In Fisher's iris data, consider the petal length variable for the samples of Versicolor and Virginica irises. Test the following at the 10% significance level:

  1. \(H_0: \sigma_1 = \sigma_2\) versus \(H_1: \sigma_1 \ne \sigma_2\).
  2. \(H_0: \mu_1 \le \mu_2\) versus \(\mu_1 \gt \mu_2\) (assuming that \(\sigma_1 = \sigma_2\)).
Details:
  1. Test statistic 1.1, critical values 0.6227, 1.6072. Fail to reject \(H_0\).
  2. Test statistic \(-11.4\), critical value \(-1.6602\). Reject \(H_0\).

A plant has two machines that produce a circular rod whose diameter (in cm) is critical. A sample of 100 rods from the first machine as mean 10.3 and standard deviation 1.2. A sample of 100 rods from the second machine has mean 9.8 and standard deviation 1.6. Test the following hypotheses at the 10% level.

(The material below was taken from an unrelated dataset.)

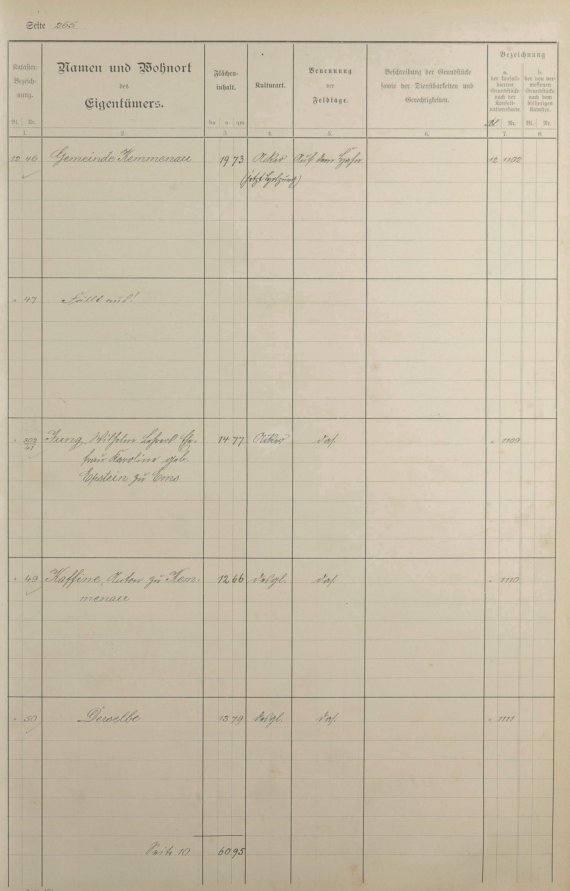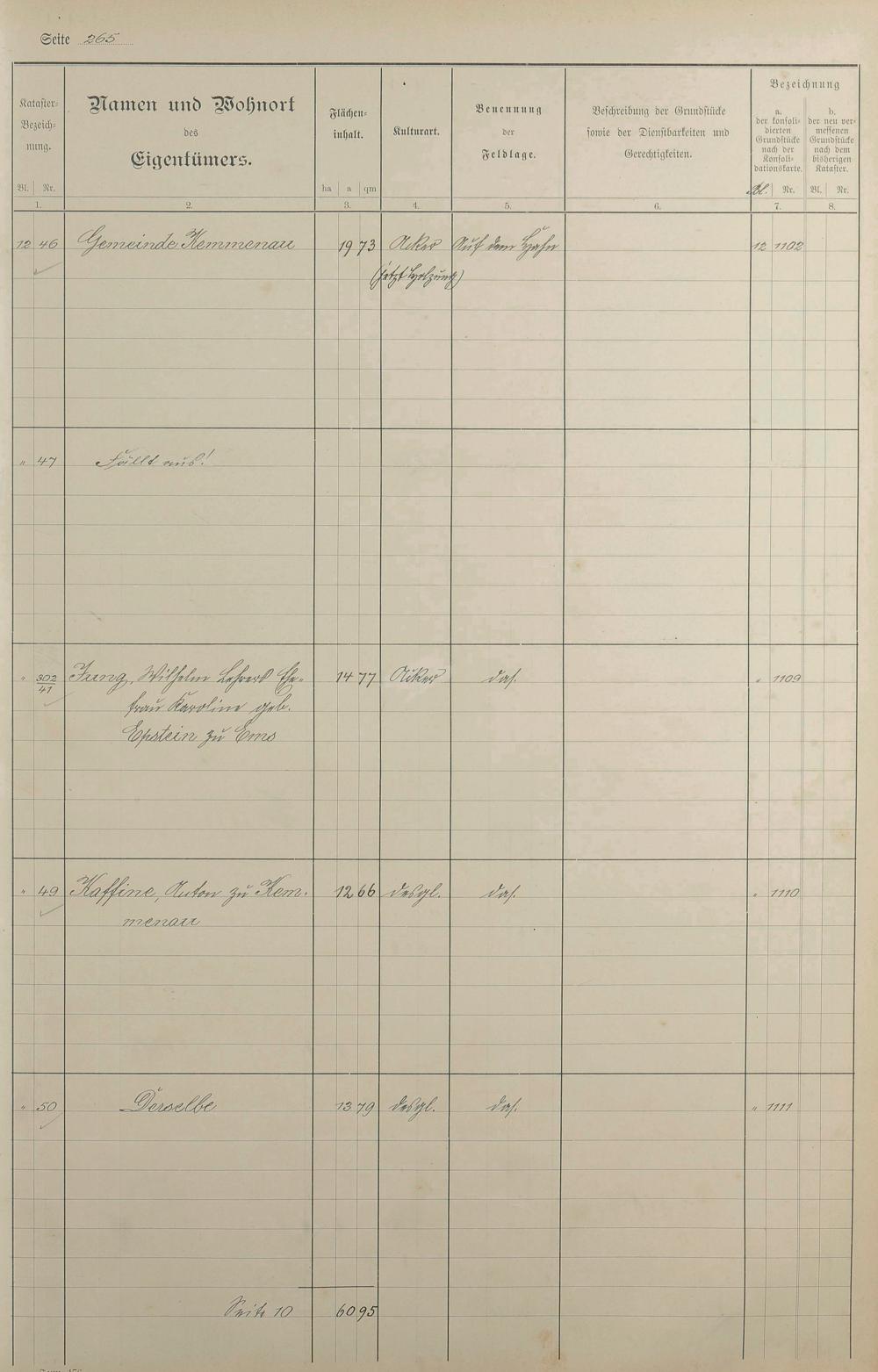 1: Lagerbuch der konsolidierten Gemarkung Kemmenau von dem Königlichen Kommissar...

  1. \(H_0: \sigma_1 = \sigma_2\) versus \(H_1: \sigma_1 \ne \sigma_2\).
  2. \(H_0: \mu_1 = \mu_2\) versus \(H_1: \mu_1 \ne \mu_2\) (assuming that \(\sigma_1 = \sigma_2\)).
Details:
  1. Test statistic 0.56, critical values 0.7175, 1.3942. Reject \(H_0\).
  2. Test statistic \(-4.97\), critical values \(\pm 1.645\). Reject \(H_0\).